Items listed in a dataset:
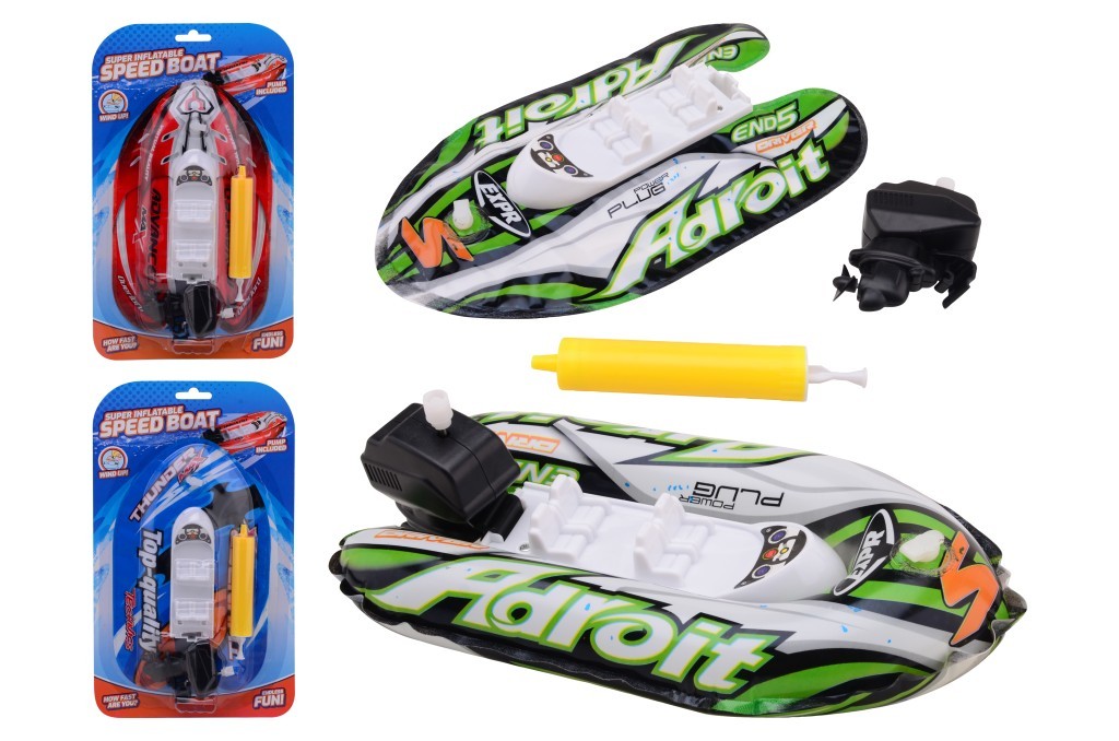 Nafukovací člun s natahovacím motorem – člun jednoduše nafouknete přiloženou hustilkou. Motor je natahovací bez bateriový. przeczytaj całość
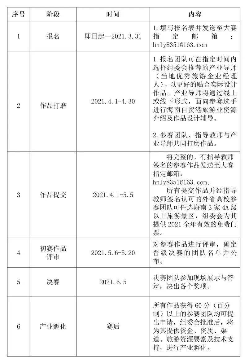 5.所有提交作品并经指导教师签名认可的外省高校参赛团队可任选海南3家4A级以上旅游景区,组委会为其提供2021全年有效的免费门票。
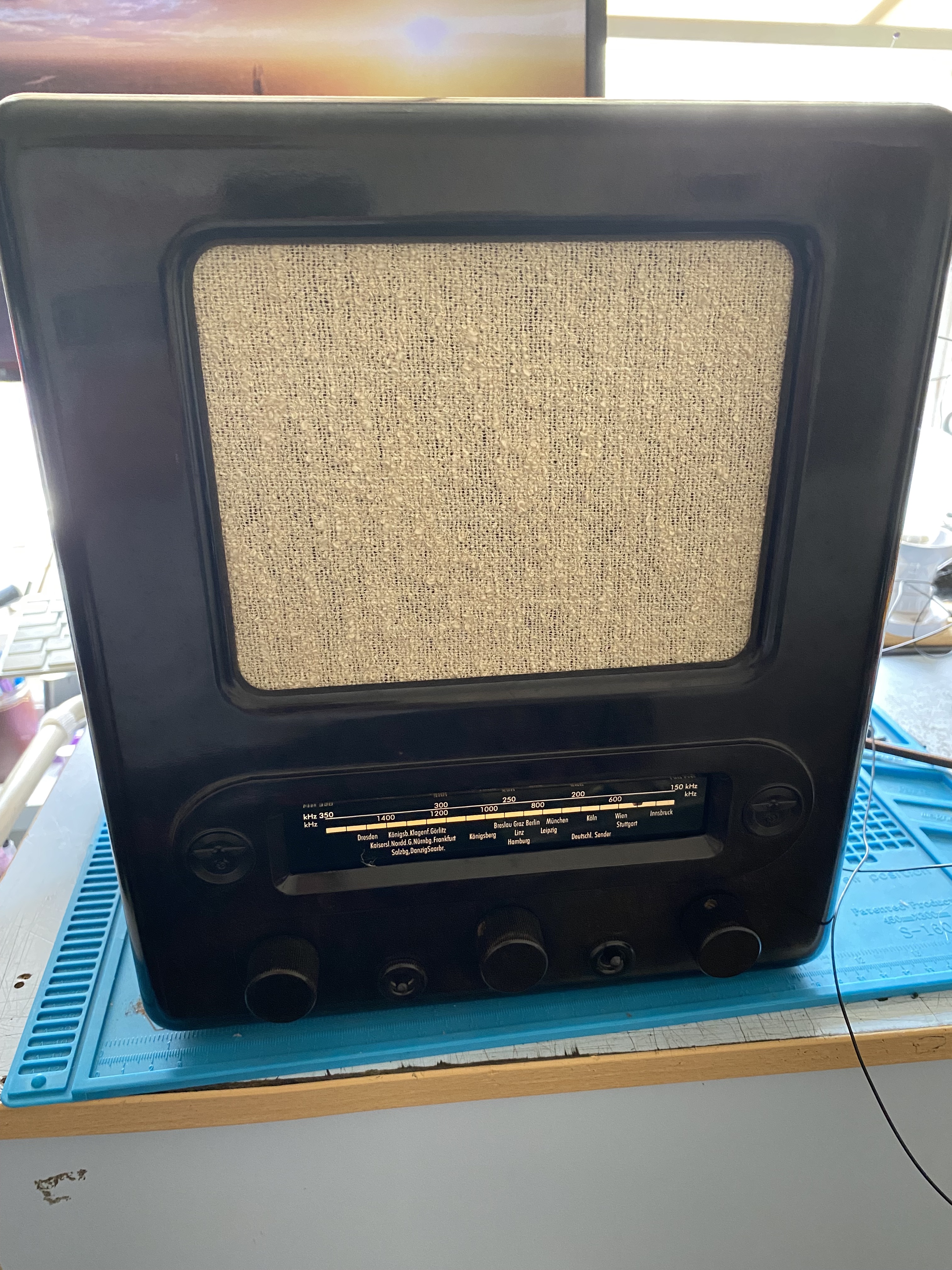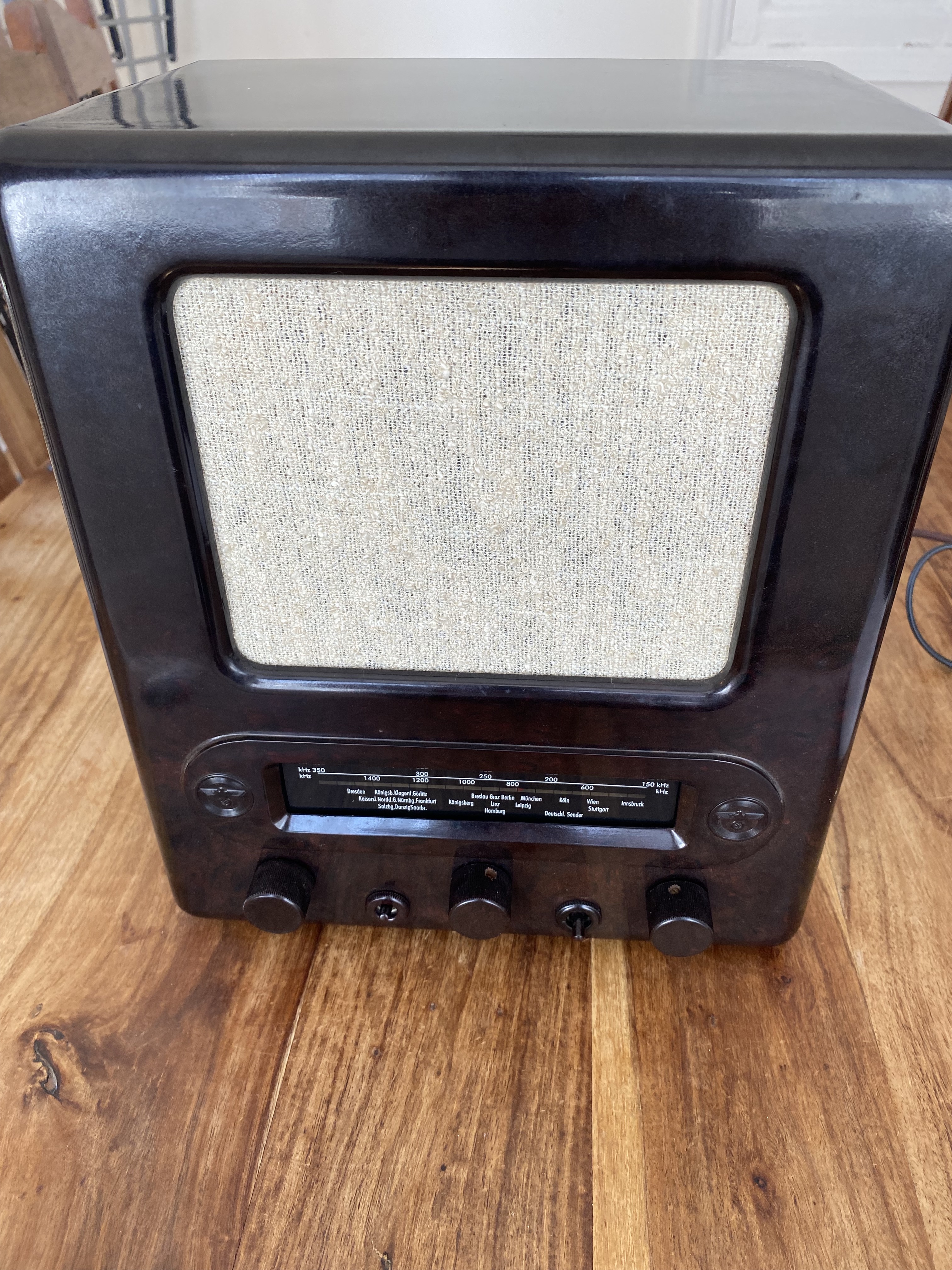 This is the oldest thing I've ever fixed. I'm no radio expert but the owner says it's a German radio that was made in the thirties at the request of the Nazi party so more radios were in in homes for them to spread their propaganda. It's certainly the only thing I've ever fixed that has swastikas on it.
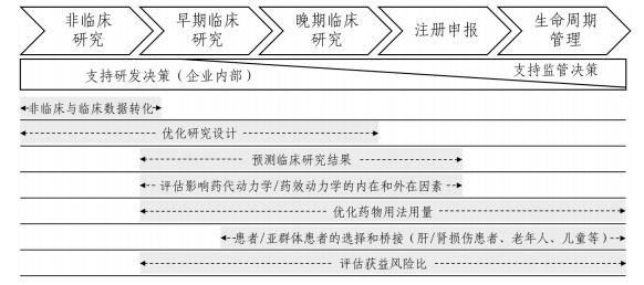 建模与模拟技术在药物研发生命周期中的应用示意图
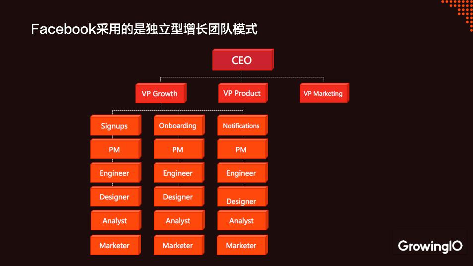 Facebook 是典型的独立型增长团队模式,增长团队的负责人直接汇报给扎克伯格。虽然设置有 VP Marketing ,但是 Growth Team 里面也有专门的营销专家,两者是互补的。
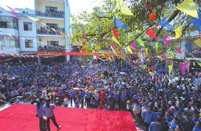 2月21日(正月初三),在凌云县加尤镇下伞村壮族山寨里,锣鼓喧天,歌声飞扬,这是羊年春节壮族山歌会的一个场面。当日,有河池市凤山县,百色市乐业县、凌云县等地的200多名男女歌手前来参加本次山歌会,山歌会场面精彩、气氛热烈,歌手们演唱的都是自己平时创作的壮族原生态山歌,深受广大群众喜爱。当日周边各地近万人前来观看山歌会,通过这次活动不断加深了周边群众的友谊,达到以歌会友以歌传情的目的。 (肖发凌 摄影报道)
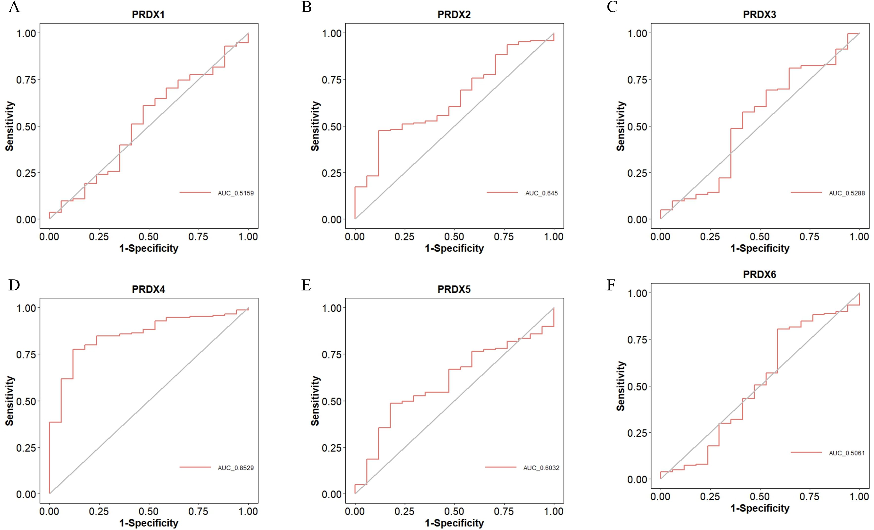 Six ROC curve graphs labeled A to F, each for PRDX1 to PRDX6, showing sensitivity versus 1-specificity. AUC values are PRDX1: 0.5159, PRDX2: 0.645, PRDX3: 0.5288, PRDX4: 0.8529, PRDX5: 0.6032, and PRDX6: 0.5061. Curves are red with a diagonal reference line.

**WHAT THE TASK ASKS:** Repeat the entries above exactly as written, but not their pictures.

**SOLVED PROBLEM:**
 Nafukovací člun s natahovacím motorem – člun jednoduše nafouknete přiloženou hustilkou. Motor je natahovací bez bateriový. przeczytaj całość
 5.所有提交作品并经指导教师签名认可的外省高校参赛团队可任选海南3家4A级以上旅游景区,组委会为其提供2021全年有效的免费门票。
 This is the oldest thing I've ever fixed. I'm no radio expert but the owner says it's a German radio that was made in the thirties at the request of the Nazi party so more radios were in in homes for them to spread their propaganda. It's certainly the only thing I've ever fixed that has swastikas on it.
 建模与模拟技术在药物研发生命周期中的应用示意图
 Facebook 是典型的独立型增长团队模式,增长团队的负责人直接汇报给扎克伯格。虽然设置有 VP Marketing ,但是 Growth Team 里面也有专门的营销专家,两者是互补的。
 2月21日(正月初三),在凌云县加尤镇下伞村壮族山寨里,锣鼓喧天,歌声飞扬,这是羊年春节壮族山歌会的一个场面。当日,有河池市凤山县,百色市乐业县、凌云县等地的200多名男女歌手前来参加本次山歌会,山歌会场面精彩、气氛热烈,歌手们演唱的都是自己平时创作的壮族原生态山歌,深受广大群众喜爱。当日周边各地近万人前来观看山歌会,通过这次活动不断加深了周边群众的友谊,达到以歌会友以歌传情的目的。 (肖发凌 摄影报道)
 Six ROC curve graphs labeled A to F, each for PRDX1 to PRDX6, showing sensitivity versus 1-specificity. AUC values are PRDX1: 0.5159, PRDX2: 0.645, PRDX3: 0.5288, PRDX4: 0.8529, PRDX5: 0.6032, and PRDX6: 0.5061. Curves are red with a diagonal reference line.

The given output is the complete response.